» Work task: Set down, exactly and with no pictures, the line that contains "建设为龙头,以村道硬化、垃圾处 征即保工作,积极推进政策性农 实现城乡文体共同繁荣发展。进" and all lines after it in the listing.

» Dataset excerpt:
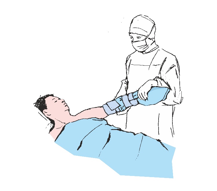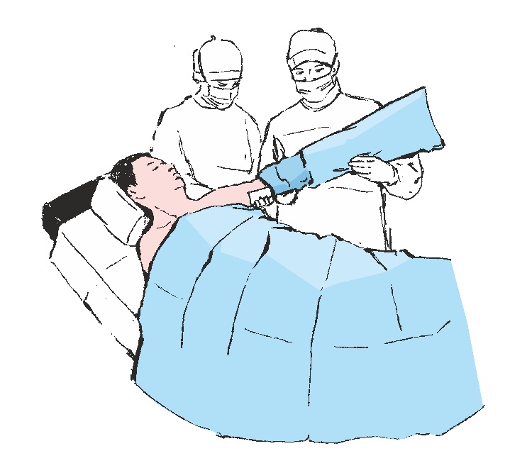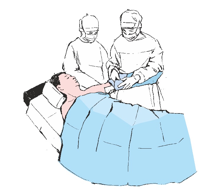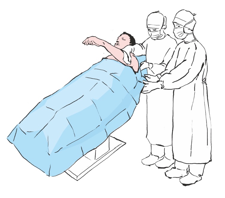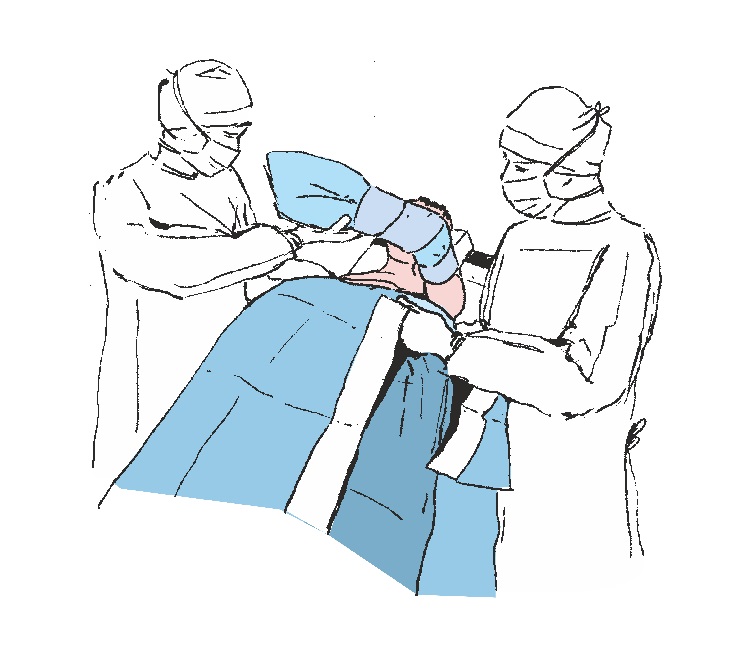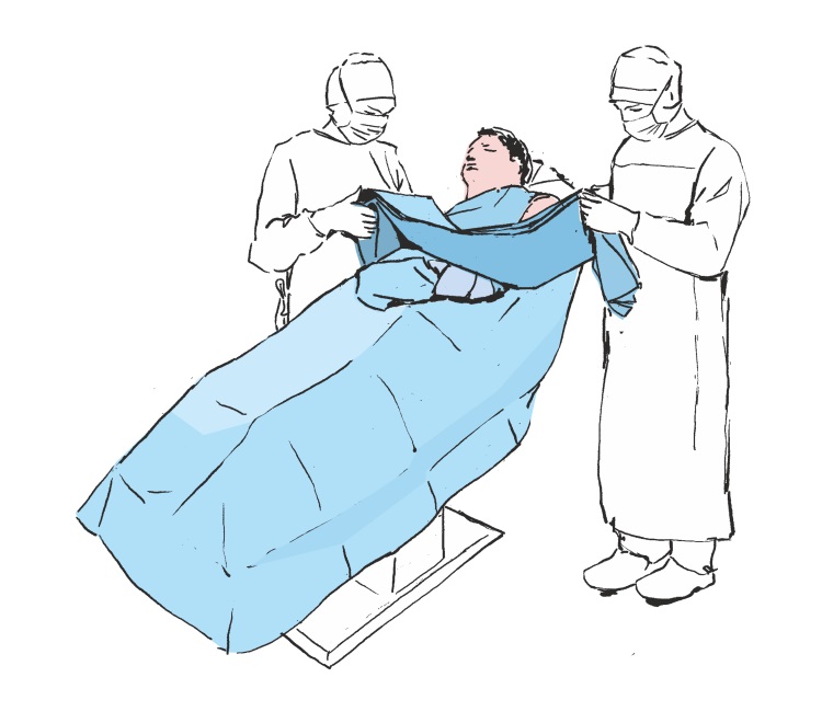 Entfernen Sie das verbleibende Schutzpapier und kleben Sie das Abdecktuch vorsichtig um die Schulter in Richtung des Kopfes des Patienten, wodurch die Seitengrenzen des Operationsfeldes begrenzt werden. Drücken Sie auf die Drapierungsadhäsionsstelle, um die Adhäsion des Klebebandes an der Haut des Patienten zu erhöhen.
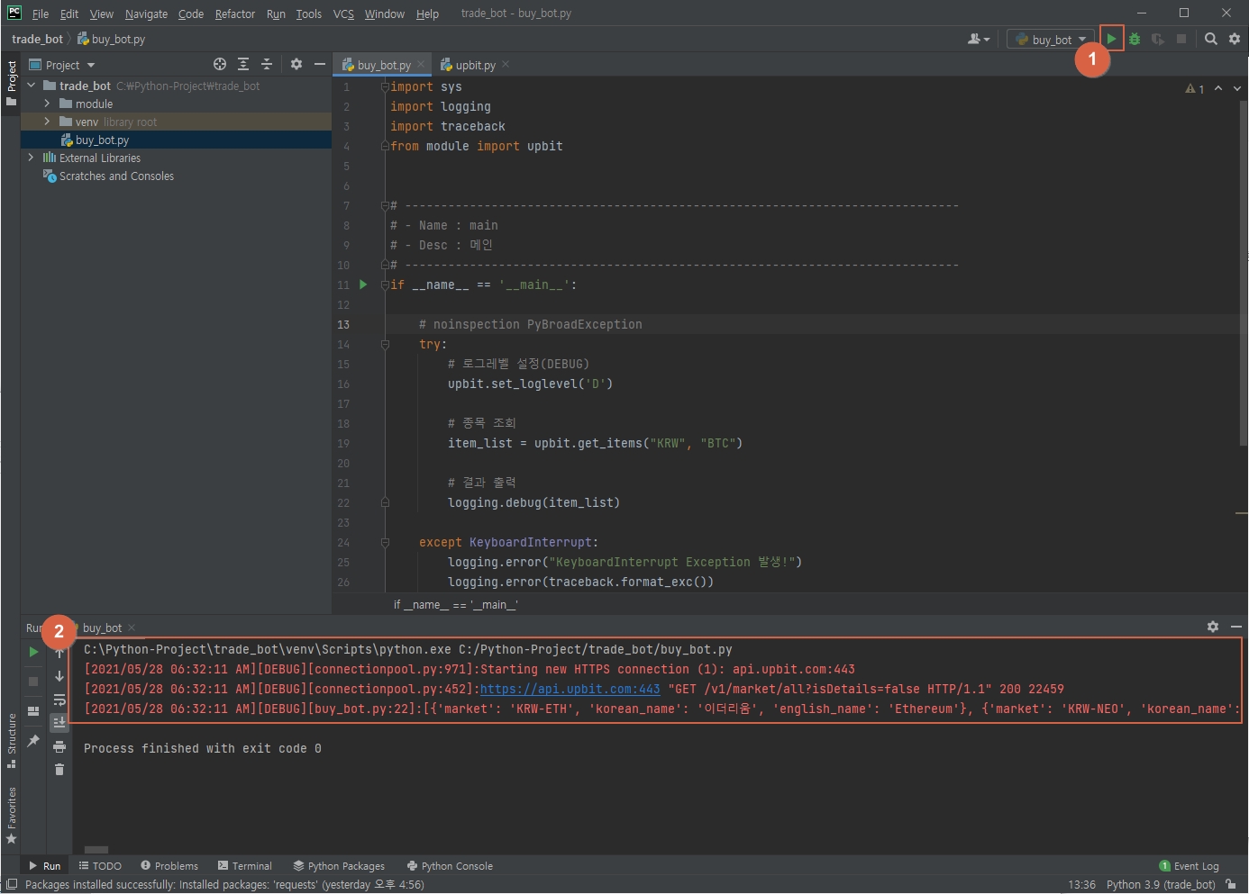 buy_bot 프로그램에서 ① 실행 버튼을 클릭하면 ② 결과가 정상적으로 출력됨을 확인할 수 있습니다.
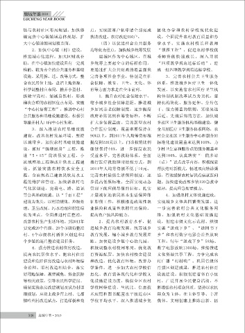 建设为龙头,以村道硬化、垃圾处 征即保工作,积极推进政策性农 实现城乡文体共同繁荣发展。进 合资源,抓项目载体实施,实现公 押贷款工作,探索开展土地承包经 强和改善党对农村工作的领导和
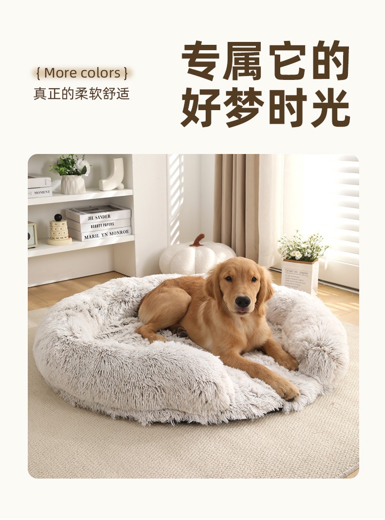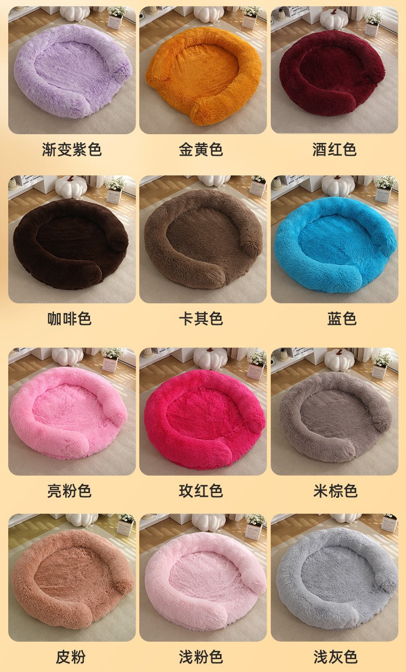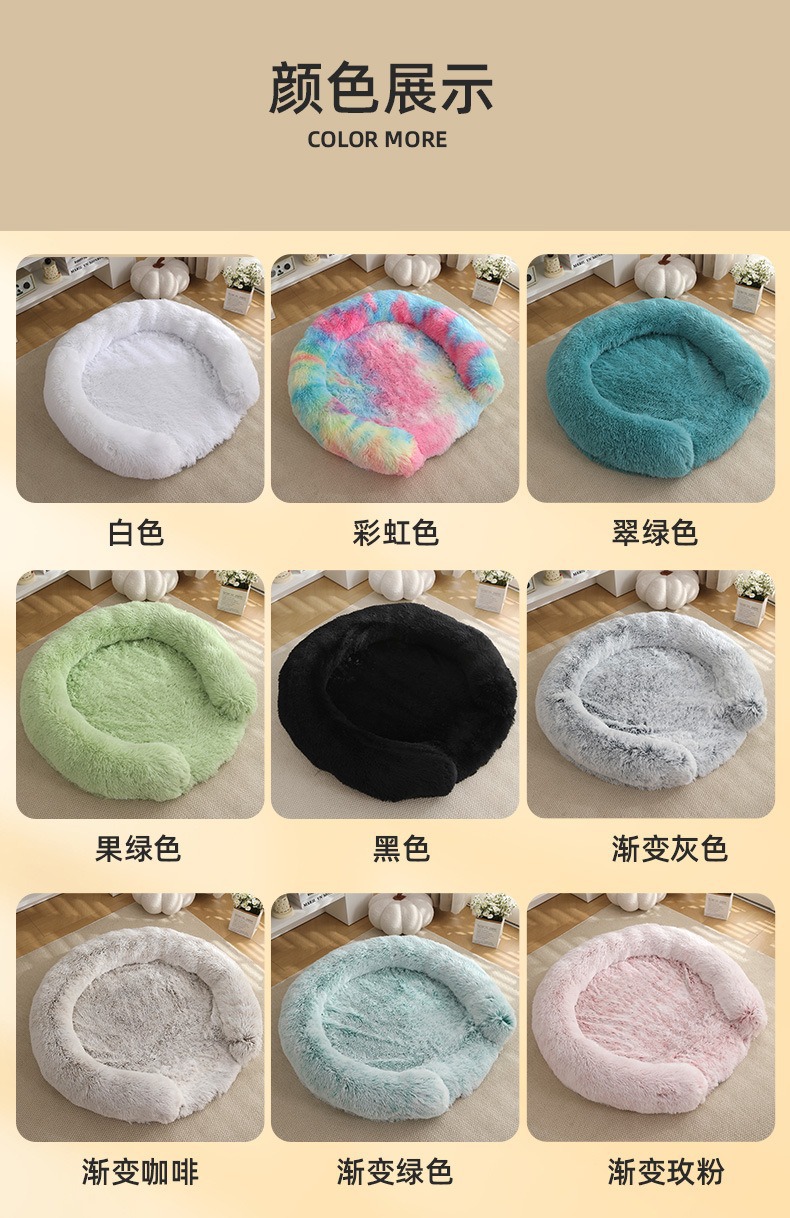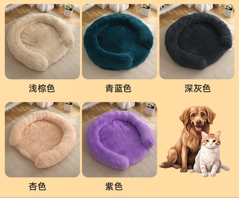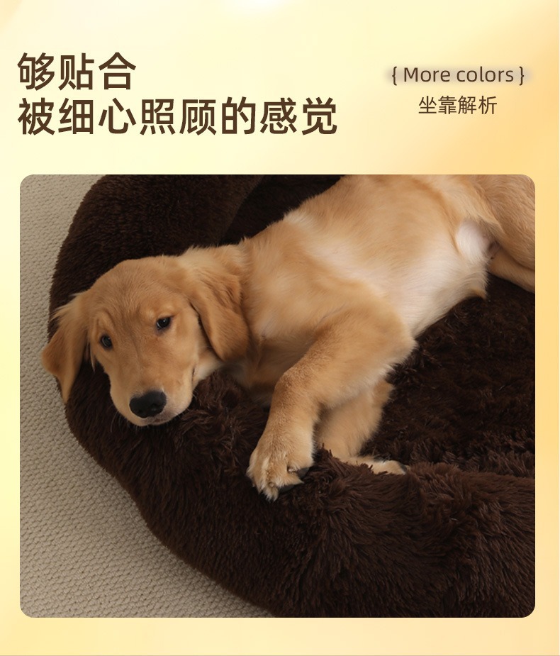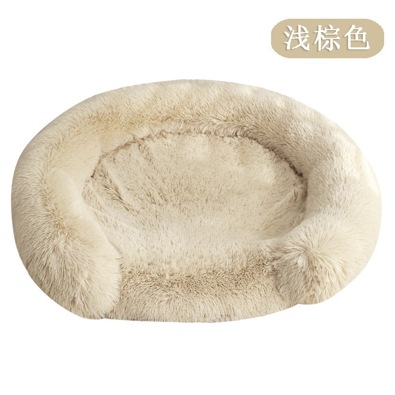 국경을 넘는 봉제 개 매트, 탈부착 및 세척 가능한 원형 개 침대, 사계절 따뜻한 애완 동물 둥지, C자형 팔걸이, 고양이와 개 소파

» Response area:
 建设为龙头,以村道硬化、垃圾处 征即保工作,积极推进政策性农 实现城乡文体共同繁荣发展。进 合资源,抓项目载体实施,实现公 押贷款工作,探索开展土地承包经 强和改善党对农村工作的领导和
 국경을 넘는 봉제 개 매트, 탈부착 및 세척 가능한 원형 개 침대, 사계절 따뜻한 애완 동물 둥지, C자형 팔걸이, 고양이와 개 소파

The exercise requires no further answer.